Patients with back pain may experience some amount of discomfort or disability due injuries that are restricted to the back, as well as other orthopedic conditions that affect joints throughout the body. Let's take a look at several categories of orthopedic conditions which may affect the health and stability of the back, including arthritis, osteoarthritis, degenerative disc disease, fibromyalgia, osteoporosis, and sacroiliac joint dysfunction.
Arthritis: Arthritis technically means the inflammation of the joint. The joints in our body may become inflamed when they become torn, lose much of their mass, and due to inflammatory conditions such as osteoarthritis. Due to the inflammation at the joints, patients may experience sharp or dull pain, as well as a lack of flexibility and mobility. Though arthritis and osteoarthritis are sometimes used interchangeably, there are really two main categories of arthritis, with very different causal factors. The two main categories of arthritis are inflammatory arthritis and osteoarthritis. Osteoarthritis is typically caused by the wear and tear of the cartilage in the joint structure. The joint tissues becomes thinner as all of us get older, though the rate of this wear and tear may be faster in some, compared to others. Some factors that may involve how quickly our joints may become worn out include a person's general fitness level, nutritional factors, type of occupation, and whether or not there has been a previous injury to that joint.

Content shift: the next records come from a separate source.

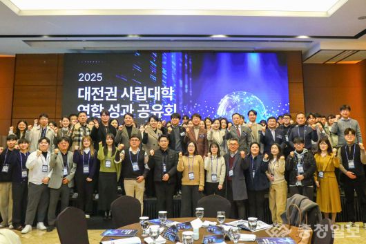 대전지역 사립대학 관계자와 실무진들이 참석한 가운데 열린 ‘2025 대전권 사립대학 역량성과 공유회’에서 참가자들이 혁신 성과 확산과 공동 성장을 다짐하고 있다 |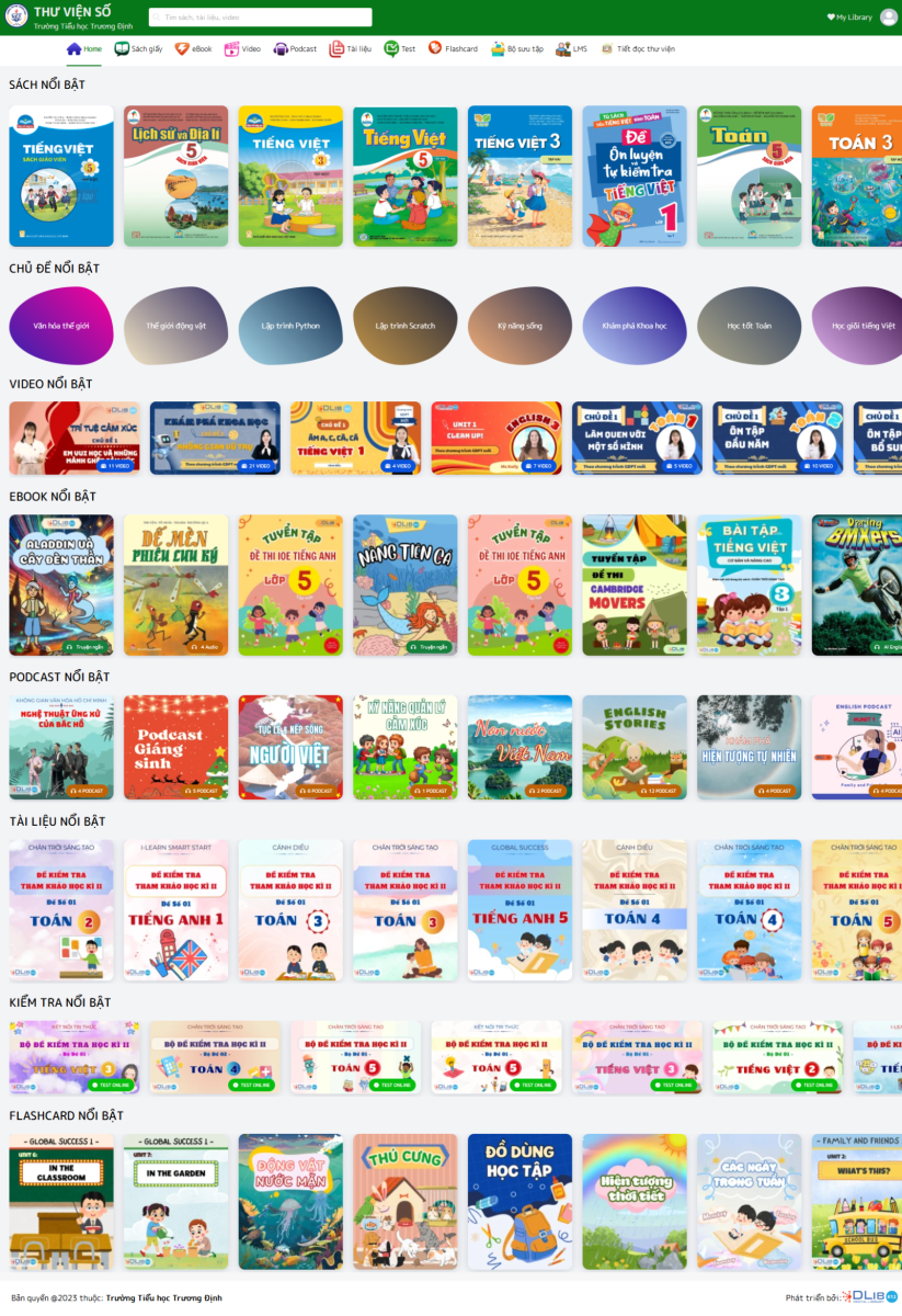 •  Sách giấy: Thư viện số Dlib K12 quản lý và số hoá sách thư viện theo chuẩn Dublin Core, giúp tìm kiếm và truy xuất thông tin dễ dàng. Môi trường số tiện lợi cho quản lý tài nguyên và mượn trả. Phụ huynh và học sinh dễ dàng tiếp cận nguồn tài nguyên, khuyến khích đọc sách tại thư viện hoặc mượn về nhà.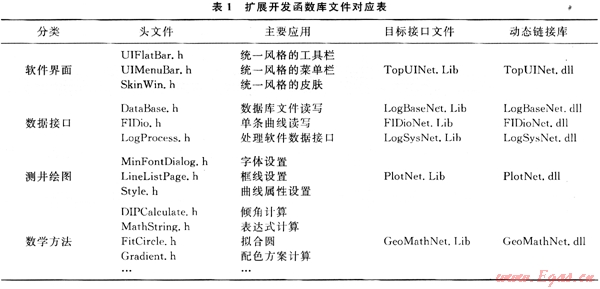 表1為用戶擴(kuò)展開發(fā)中常用函數(shù)庫,這5類函數(shù)庫都進(jìn)行了面向?qū)ο蠓庋b,可以較好地滿足各種層次開發(fā)人員的編程需要。表1中簡單地列出了單條曲線(常規(guī)、陣列)管理的基礎(chǔ)類CFIDi0和常規(guī)處理程序數(shù)據(jù)接口函數(shù)類Cl。ogProcess,以及用于測井繪圖和數(shù)據(jù)分析的函數(shù)類;C++程序開發(fā)人員可以按照Microsoft Visual Studio.net規(guī)則調(diào)用其中的類或函數(shù)來輕松完成用戶所需要的二次開發(fā)。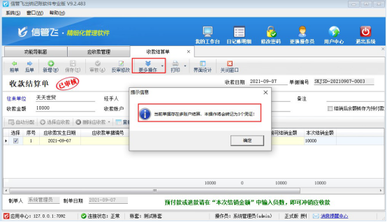 ????收款金額中輸入收款金額,自動分配金額至本次結(jié)銷金額中,勾選“結(jié)銷后余額轉(zhuǎn)存為預付款”,可以保存成功。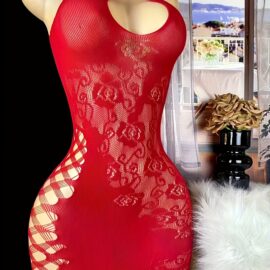 Women’s Sheer Fishnet Halter Babydoll Dress – Lingerie Chemise Mini Teddy Suitable for Performance & Themed Parties | Nightwear Outfit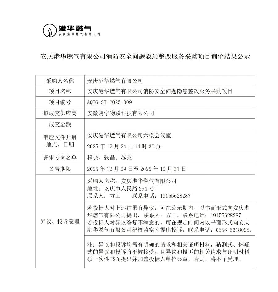 安庆港华燃气有限公司消防安全问题隐患整改服务采购项目询价结果公示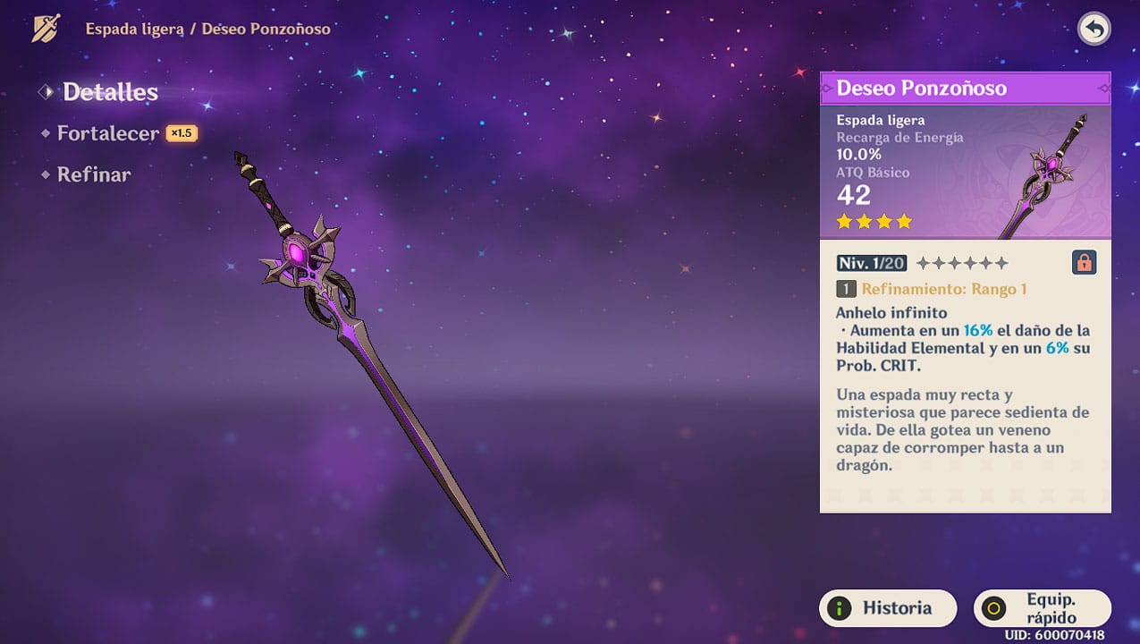 Deseo Ponzoñoso (espada ligera) 4★
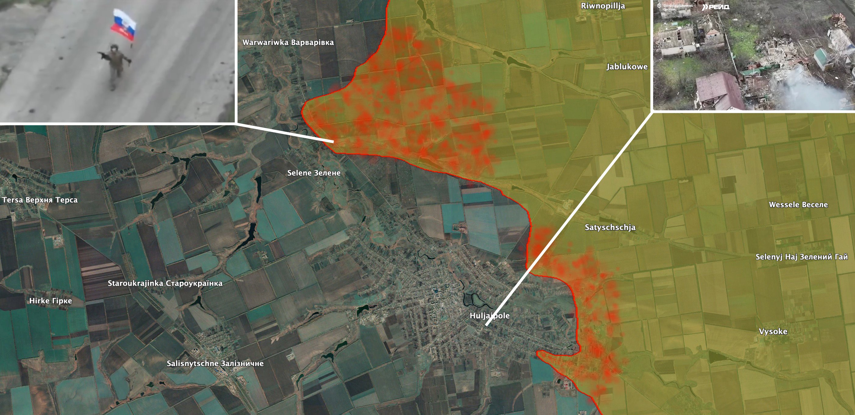 Російські десантники увійшли до Гуляйполя з південного сходу, деяким військам вдалося дістатися центру міста, пише військовий оглядач Bild Юліан Репке. Також росіяни захопили південну частину села Варварівка, розташовану за три кілометри на північ від Гуляйполя.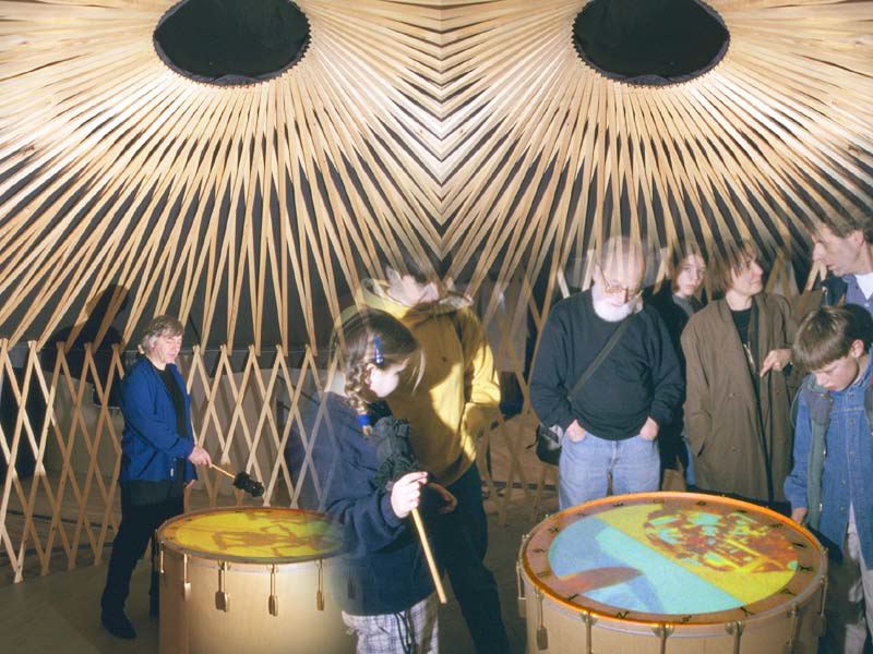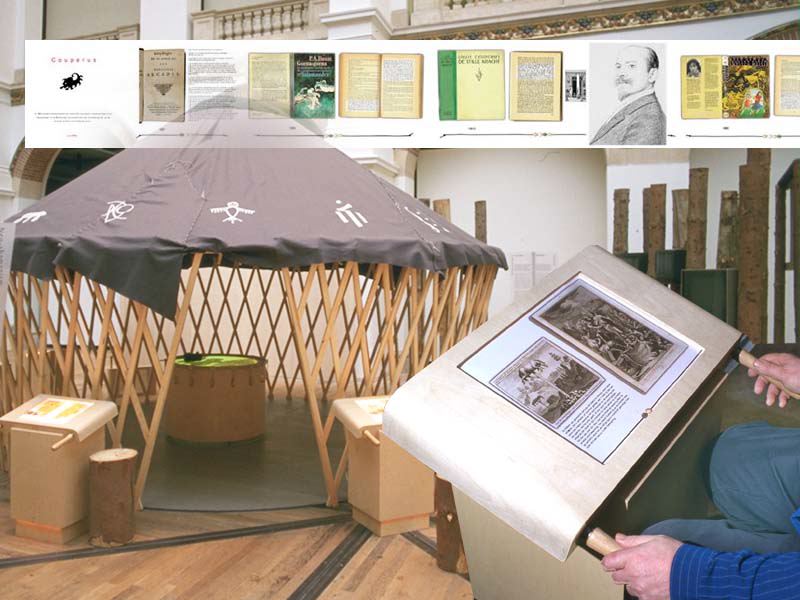 ![]() what "The true source of religion", a design for an installation for the Berliner Festspiele exhibition in the year 2000 called "Seven Hills - Images and Signs of the 21st Century" (In the end the project has not been realized because of insufficient financial resources). This installation recycles some elements from the Neo-Shamanism installation. The design was for the Schliemann Hall of the end of the 19th century Gropius-Bau in Berlin, a huge space once dedicated to the (debated) treasures of Troy found by Heinrich Schliemann. The floor of the space was planned to be covered with sand with drawings/patterns from different cultures of the world. The public could move through this space by walking on a spiraling path of stepping stones. These ceramic stones would each have the picture of a religious or scientific diagram, thus make the visitor step through millennia of human ideas. The following text is taken from the original proposal: Lay down in a hammock, from which rivers of white light flow, and dream away, rocking to and fro in an ocean of sound. Touch the loom of god and see how heaven and earth are woven together by patterns of light. Feel the traces in the sand, temporal signs of eternity; step from stone to stone on a path leading to sacred and scientific insight. Hit the drum and call the messenger, let him show you the sixteen ways of the shaman. Put a petrified object on a magic mirror revealing different parts of the mythosphere. Try to unravel the outdated messages in knotted cords and guess the opened ended questions in unconnected wires and cables. Enter the yurt, a network of woven wood, recite the barcode mantras, connect to myriads of belief on the World Wide Web. Unroll the scrolls, be iniated in the sources of shamanistic knowledge. why The theme of the part of the exhibition which we were commissioned to make was: the Oceanic Feeling. This notion comes from the correspondence of Sigmund Freud with Romain Rolland: "A feeling as of something limitless unbounded -as it were oceanic a sensation of eternity" Freud summarized a passage from a letter written to him by the French writer Romain Rolland in a reaction of Freud's interpretation of "religion as an illusion" (The Future of an Illusion, 1927). Rolland agreed with Freud's judgment on religion itself, but thought that Freud had not properly appreciated "the true source of religious sentiments", after which follows Rolland's description of what came to be known as "The Oceanic Feeling". |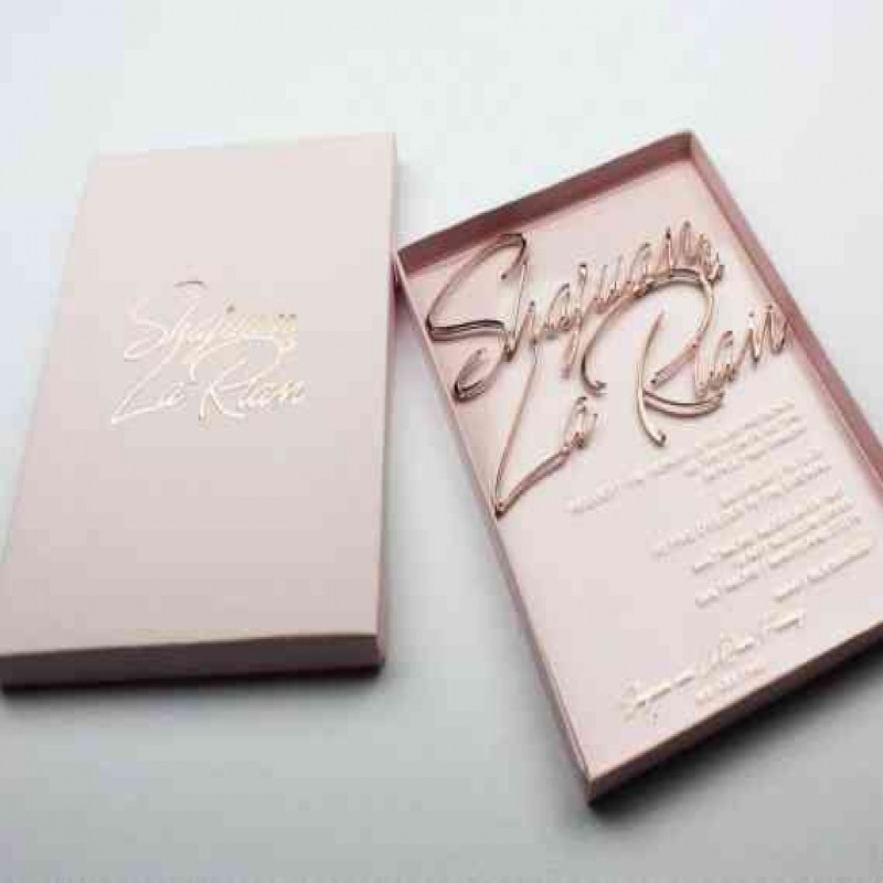 Gül Altın Varak Düğün Davetiyeleri, Gül Altın Akrilik Davetiyeler, Pembe Kutular, Zarif Davetiye, Öz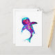 aquarelle traditionnelle d'un requin baleine géant très coloré aux couleurs surréalistes bleu et violet sur une carte postale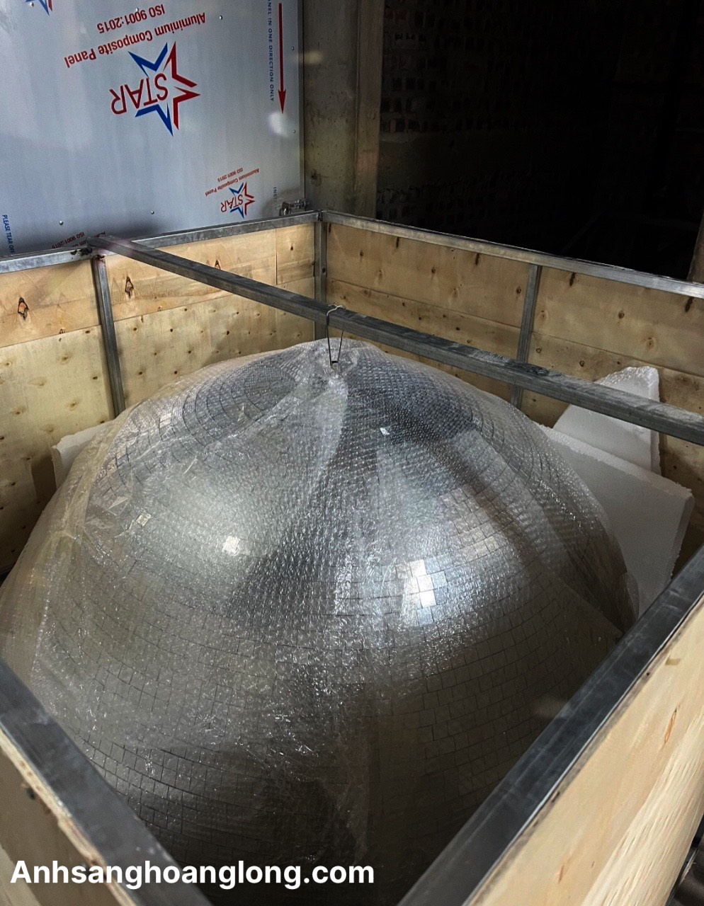Quả cầu gương quả trái châu đường kính 1200mm sẽ to như này, nên khách hàng lưu ý giúp em, đừng tưởng nó nhỏ bé, khi đóng kiện hàng xong nó sẽ để vừa 1 thùng xe 2,5 tấn ạ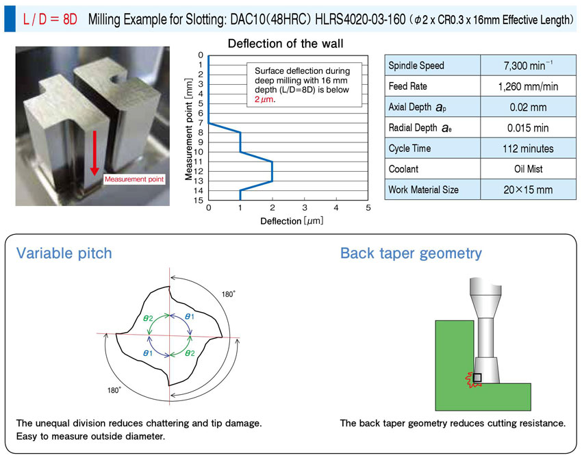 – Quá trình phay rãnh sâu gấp 8 lần đường kính (L/D = 8D), vật liệu DAC10 (48HRC) của dao phay HLRS4020-03-160 (Φ2 x CR0.3 x 16l1):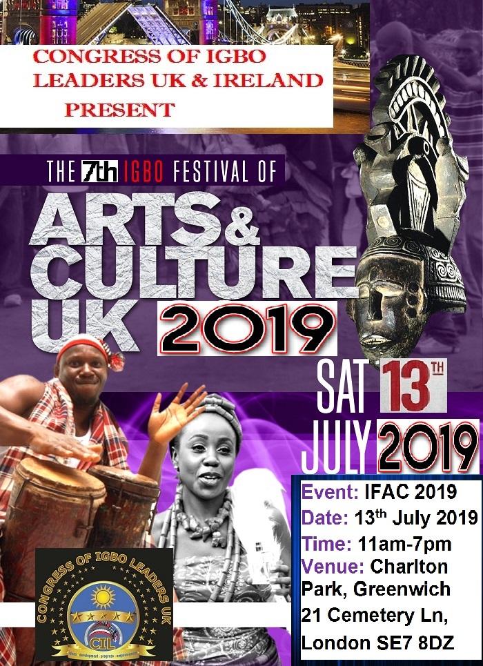 This festival is intended to afford the British community the rare opportunity to witness Igbo culture and tradition in its original form. The highlights of the event will include but not limited to Igbo cultural plays, traditional dances, performances by traditional artists, dance and drama, masquerades display, historical and traditional artefacts showcased in splendor.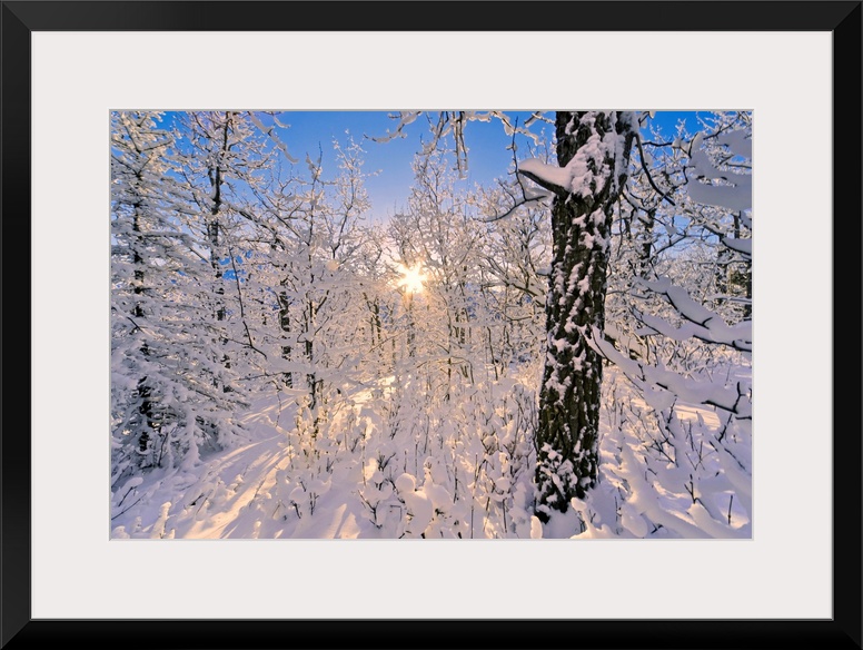<p>Photograph of snowy forest with sun peaking through branches.</p>

As a result of wear and tear types of arthritis, the joint tissue becomes worn out to the point that the bones begin to rub together. This may result in the wearing out of the bone, and abnormal new bone growth. This abnormal new bone growth may cause spinal stenosis, which results in a narrowing of the canal that houses the spinal cord. Abnormal new bone growth may also take the form of osteophytes (bone spurs) which irritate the soft tissues that they come in contact with, such as the muscles, tendons, ligaments, and fascia. The fascia is the connective tissue coverings of the muscles, as well as other soft tissues of the musculoskeletal system.
When osteoarthritis occurs in the spine, it may result in a fusion of previously separated spinal structures, or the overall destabilization of the spine. Both of these changes to the anatomy and physiology of the spine may result in pain and physical limitation. Osteoarthritis of the spine may lead to a thickening of the bones, causing a variety of changes to the spine and the nerves that travel between the bones and cavities within the bones. Conditions associated with arthritis of the spine include sciatica, spinal stenosis, back pain, irritated nerves, osteophytes (bone spurs), and lost flexibility. Other back terms that are sometimes used interchangeably with osteoarthritis include degenerative joint disease and spondylosis. Let's take a closer look at osteoarthritis of the spine.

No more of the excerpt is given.